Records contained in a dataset
+===+

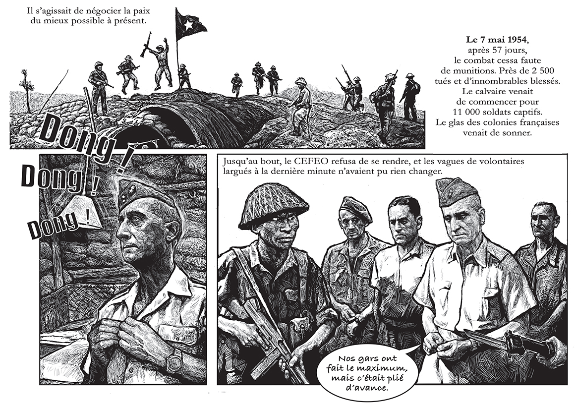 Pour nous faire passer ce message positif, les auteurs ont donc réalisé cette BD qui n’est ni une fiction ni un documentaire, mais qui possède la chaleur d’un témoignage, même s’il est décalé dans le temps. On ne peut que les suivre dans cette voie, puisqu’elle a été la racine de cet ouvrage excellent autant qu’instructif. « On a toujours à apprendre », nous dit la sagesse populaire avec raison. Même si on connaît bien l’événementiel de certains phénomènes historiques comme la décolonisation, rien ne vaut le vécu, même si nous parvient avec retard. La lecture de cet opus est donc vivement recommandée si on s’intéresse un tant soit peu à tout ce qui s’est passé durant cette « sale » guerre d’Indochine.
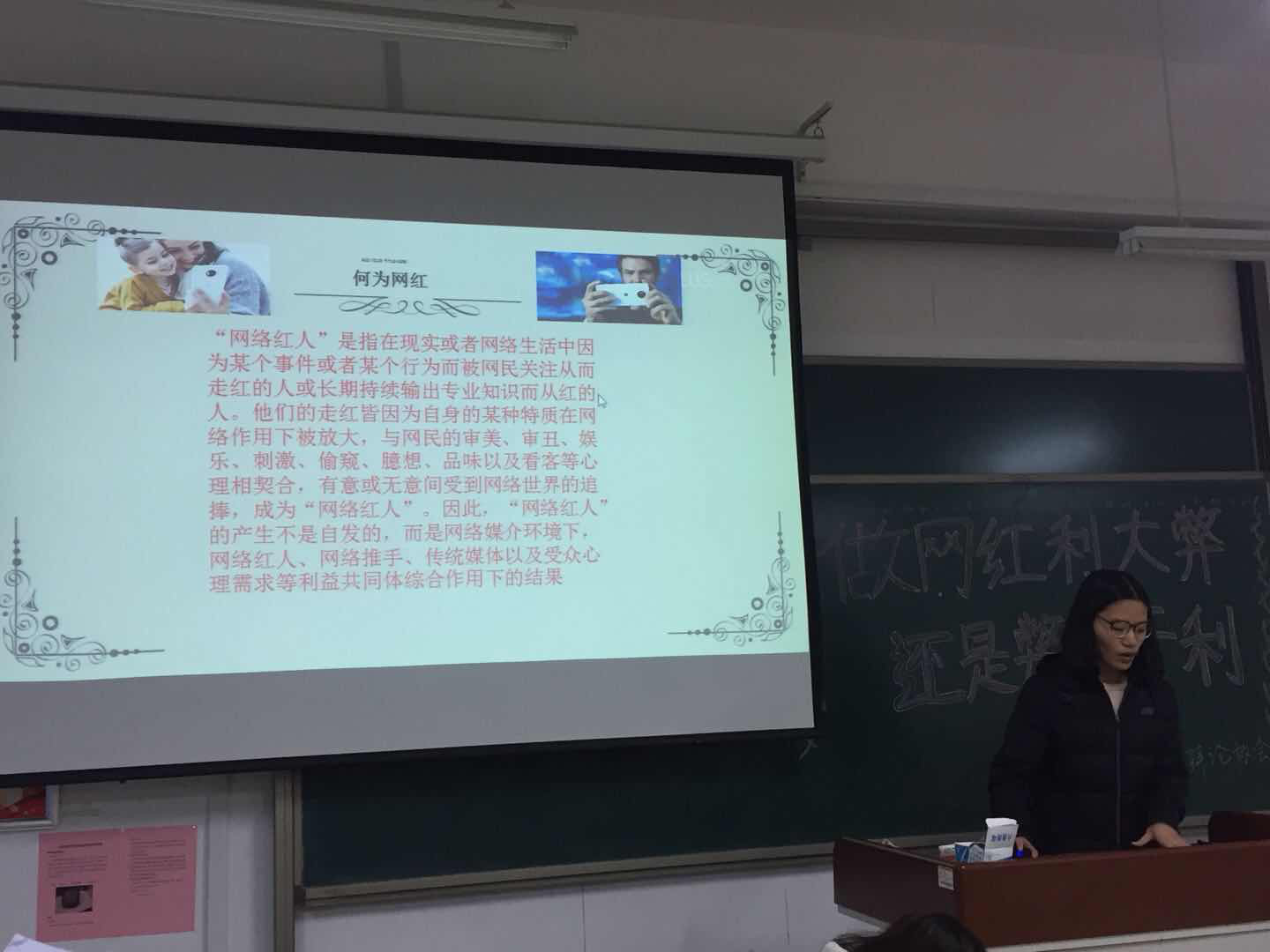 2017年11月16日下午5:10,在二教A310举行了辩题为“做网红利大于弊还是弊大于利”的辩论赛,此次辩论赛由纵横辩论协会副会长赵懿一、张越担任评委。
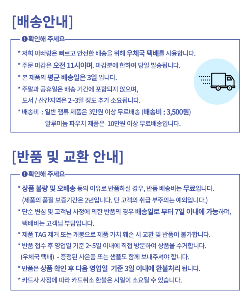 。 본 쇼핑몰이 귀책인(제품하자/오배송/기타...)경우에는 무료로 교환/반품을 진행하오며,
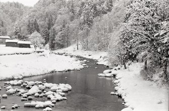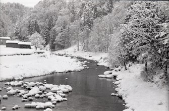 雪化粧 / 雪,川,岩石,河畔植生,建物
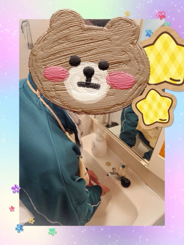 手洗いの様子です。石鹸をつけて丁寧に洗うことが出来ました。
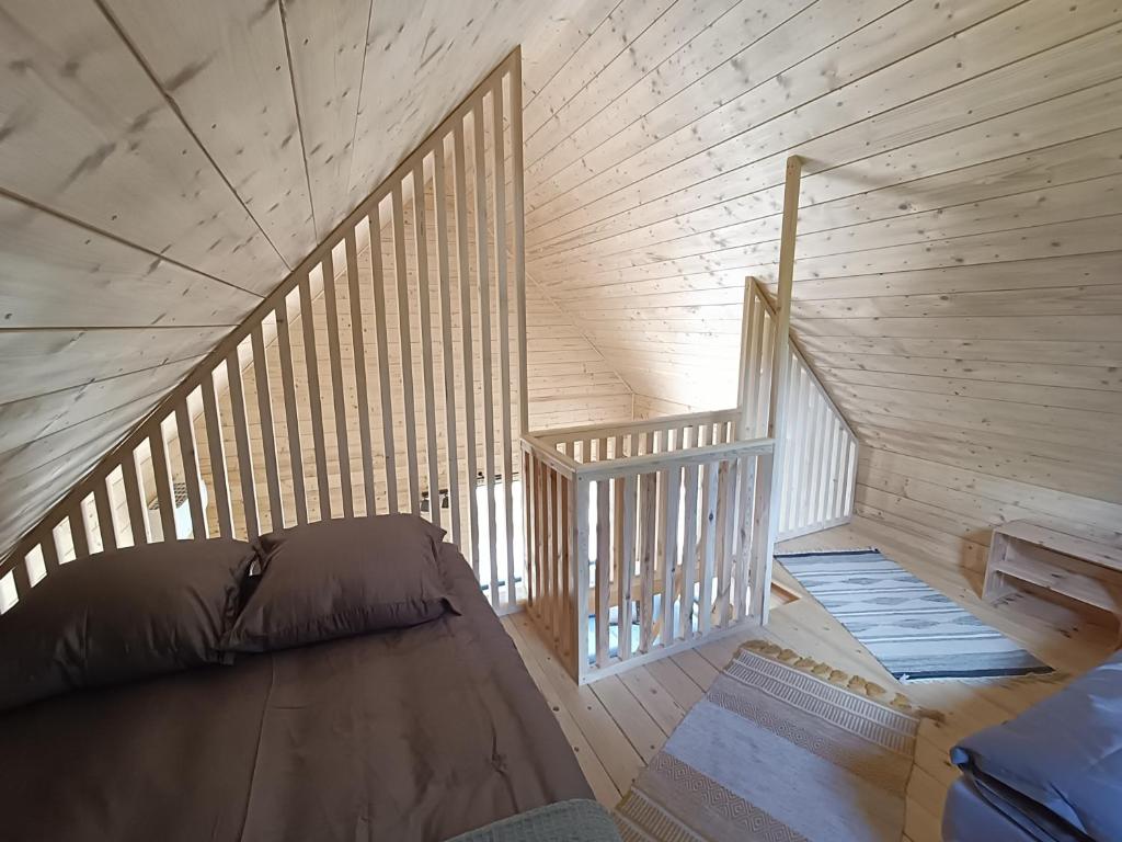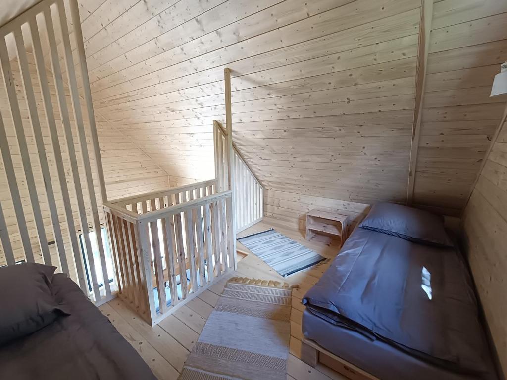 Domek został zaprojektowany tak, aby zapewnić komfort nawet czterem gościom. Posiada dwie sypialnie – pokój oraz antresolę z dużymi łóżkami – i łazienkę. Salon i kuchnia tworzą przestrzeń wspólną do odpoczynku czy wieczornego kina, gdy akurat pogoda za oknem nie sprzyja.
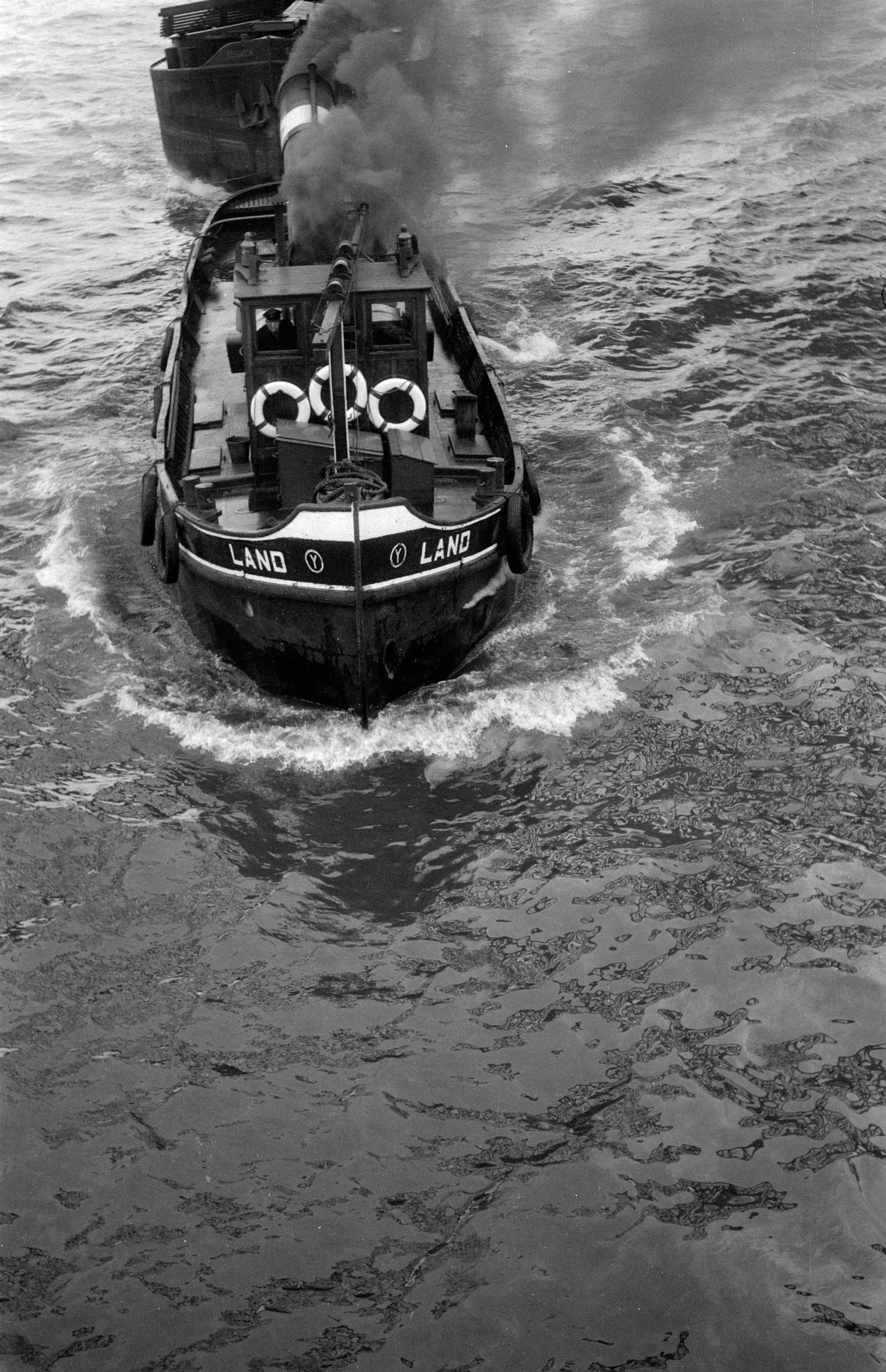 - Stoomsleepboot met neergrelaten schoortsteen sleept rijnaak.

+===+

● Work to complete
In the data above, find the line with "2017年11月16日下午5" and repeat it and every line after it through the end, exactly; leave the pictures out.

● Output for this exercise
 2017年11月16日下午5:10,在二教A310举行了辩题为“做网红利大于弊还是弊大于利”的辩论赛,此次辩论赛由纵横辩论协会副会长赵懿一、张越担任评委。
 。 본 쇼핑몰이 귀책인(제품하자/오배송/기타...)경우에는 무료로 교환/반품을 진행하오며,
 雪化粧 / 雪,川,岩石,河畔植生,建物
 手洗いの様子です。石鹸をつけて丁寧に洗うことが出来ました。
 Domek został zaprojektowany tak, aby zapewnić komfort nawet czterem gościom. Posiada dwie sypialnie – pokój oraz antresolę z dużymi łóżkami – i łazienkę. Salon i kuchnia tworzą przestrzeń wspólną do odpoczynku czy wieczornego kina, gdy akurat pogoda za oknem nie sprzyja.
 - Stoomsleepboot met neergrelaten schoortsteen sleept rijnaak.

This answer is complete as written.